GoogleCloudDataproc / spark-bigquery-connector

BigQuery data source for Apache Spark: Read data from BigQuery into DataFrames, write DataFrames into BigQuery tables.
Apache License 2.0
378 stars 198 forks source link

BigQuery Pushdown filtering on Spark 3.4.2 #1207

Open sid-habu opened 7 months ago

sid-habu commented 7 months ago

I have a Big Query table foo with a DATE column bar_date. I am trying to query this table in Spark 3.4.2 using the spark-bigquery-with-dependencies:0.30.0 connector

I am unable to get the pushdown filtering to work as the physical plan shows PushedFilters: [] and pulls in all the data from BQ before doing the filtering in Spark

Below is my code. I even tried enabling BigQueryConnectorUtils.enablePushdownSession(spark) but found that it isn't supported yet for Spark 3.4+

// Enabling pushdown session for BigQuery in Spark 3.4.2 throws an error
// https://github.com/GoogleCloudDataproc/spark-bigquery-connector/issues/1000

//BigQueryConnectorUtils.enablePushdownSession(spark)

spark.sqlContext.read
  ......
  .option("table", "foo")
  .option("viewsEnabled", "true")
  .load()
  .filter(col("bar_date") >= 2024-01-01 && col("bar_date") <= 2024-03-31)

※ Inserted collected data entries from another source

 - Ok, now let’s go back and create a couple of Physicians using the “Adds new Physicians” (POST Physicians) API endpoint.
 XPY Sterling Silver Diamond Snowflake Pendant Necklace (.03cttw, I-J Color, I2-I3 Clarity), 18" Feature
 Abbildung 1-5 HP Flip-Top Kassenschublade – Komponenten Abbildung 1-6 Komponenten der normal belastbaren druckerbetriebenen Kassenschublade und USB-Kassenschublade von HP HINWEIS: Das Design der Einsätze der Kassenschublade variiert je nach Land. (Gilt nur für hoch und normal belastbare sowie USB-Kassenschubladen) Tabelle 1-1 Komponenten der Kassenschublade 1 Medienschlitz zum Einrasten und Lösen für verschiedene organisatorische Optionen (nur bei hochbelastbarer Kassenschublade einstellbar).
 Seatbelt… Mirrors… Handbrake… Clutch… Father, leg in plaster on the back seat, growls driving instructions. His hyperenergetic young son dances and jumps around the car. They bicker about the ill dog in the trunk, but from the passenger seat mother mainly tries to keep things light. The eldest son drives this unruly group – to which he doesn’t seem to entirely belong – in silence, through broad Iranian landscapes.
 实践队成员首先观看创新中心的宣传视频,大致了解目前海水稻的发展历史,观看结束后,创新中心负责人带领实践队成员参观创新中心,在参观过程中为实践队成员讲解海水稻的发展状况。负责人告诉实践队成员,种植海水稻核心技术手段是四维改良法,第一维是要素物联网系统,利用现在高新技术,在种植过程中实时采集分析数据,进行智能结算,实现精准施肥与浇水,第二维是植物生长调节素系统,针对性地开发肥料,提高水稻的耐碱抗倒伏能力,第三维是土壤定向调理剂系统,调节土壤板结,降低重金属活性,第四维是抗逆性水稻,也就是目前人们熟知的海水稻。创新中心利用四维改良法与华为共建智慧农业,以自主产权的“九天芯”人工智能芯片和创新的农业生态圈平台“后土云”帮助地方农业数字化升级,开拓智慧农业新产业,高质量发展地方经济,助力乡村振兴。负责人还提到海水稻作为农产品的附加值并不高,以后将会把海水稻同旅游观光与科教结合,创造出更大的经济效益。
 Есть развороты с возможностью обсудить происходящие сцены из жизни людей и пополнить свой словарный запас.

Physical plan after stripping the table name and requireColumns. The filter list is empty in the plan as-is

DirectBigQueryRelation: |Querying table ......, parameters sent from Spark:|requiredColumns=[.......],|filters=[]

I am sure I am missing something trivial as I expect this simple filtering to be pushed down to BigQuery.

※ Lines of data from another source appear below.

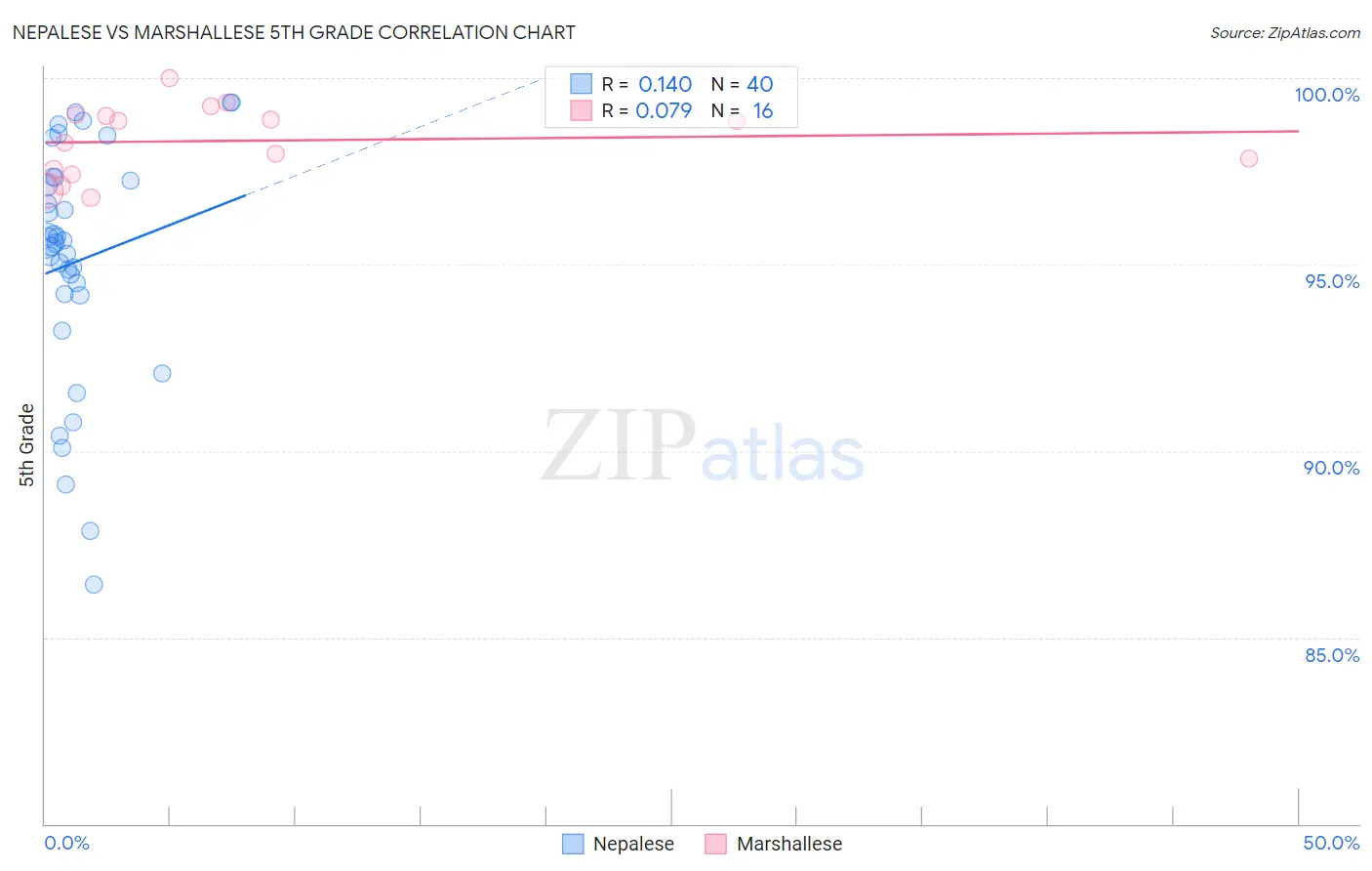 The statistical analysis conducted on geographies consisting of 24,521,755 people shows a poor positive correlation between the proportion of Nepalese and percentage of population with at least 5th grade education in the United States with a correlation coefficient (R) of 0.140 and weighted average of 95.2%. Similarly, the statistical analysis conducted on geographies consisting of 14,761,315 people shows a slight positive correlation between the proportion of Marshallese and percentage of population with at least 5th grade education in the United States with a correlation coefficient (R) of 0.079 and weighted average of 97.4%, a difference of 2.2%.
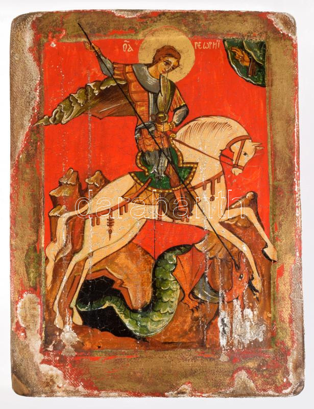 Sárkányölő Szent György - modern kézzel festett ikon, 35x26 cm
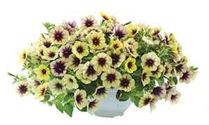 A colorful addition to the Cascadias petunia hybrida series, Cascadias 'Autumn Mystery' blooms in varied flowers. The first blossoms are yellow with a brown center, and as the flowers mature shades turn to cream with a purple center. Danziger showcased this new variety at the 2014 California Spring Trials.

isha97 commented 7 months ago

@sid-habu Currently, pushdown is only supported till spark 3.3.

sid-habu commented 7 months ago

@sid-habu Currently, pushdown is only supported till spark 3.3.

@isha97 In that case, can you please confirm if I use a workaround by passing in a raw query, it will execute the filtering in BigQuery

spark.sqlContext.read
  ......
  .option("viewsEnabled", "true")
  .option("query", "select x,y from foo where bar_date >= '2024-01-01' && bar_date <= '2024-03-31'")
  .load()
tom-s-powell commented 7 months ago

@isha97 is is true filters aren't supported in Spark 3.4+? I realise BigQueryConnectorUtils.enablePushdownSession doesn't work, but with Spark 3.4.1 and a Spark filter applied I see DirectBigQueryRelation receives a compiled filter that is passed as a rowRestriction in ReadSession.TableReadOptions in ReadSessionCreator.

However, when I look in the BigQuery console and at the project history, I see a SELECT * FROM <table-name> query being executed, not one that has the filters. I don't know whether this is standard behaviour of the BigQuery Storage Read API though?

This is when using spark-bigquery-with-dependencies_2.12.

davidrabinowitz commented 7 months ago

@tom-s-powell Filter pushdown are enabled by default in all the connector flavors, and cannot be disabled. You can track the usage of filters in the application log - both the filters the connector gets from Spark and the compiled filter are logged under the INFO level. Notice that you cannot track the connector usage by looking at the jobs at the project history as there are no jobs - the data is being read directly from the table using the BigQuery Storage Read API using the mentioned ReadSession. Query jobs are created on two occasions only - when reading from views, and when reading from queries (spark.load.format("bigquery").load("SELECT ...")).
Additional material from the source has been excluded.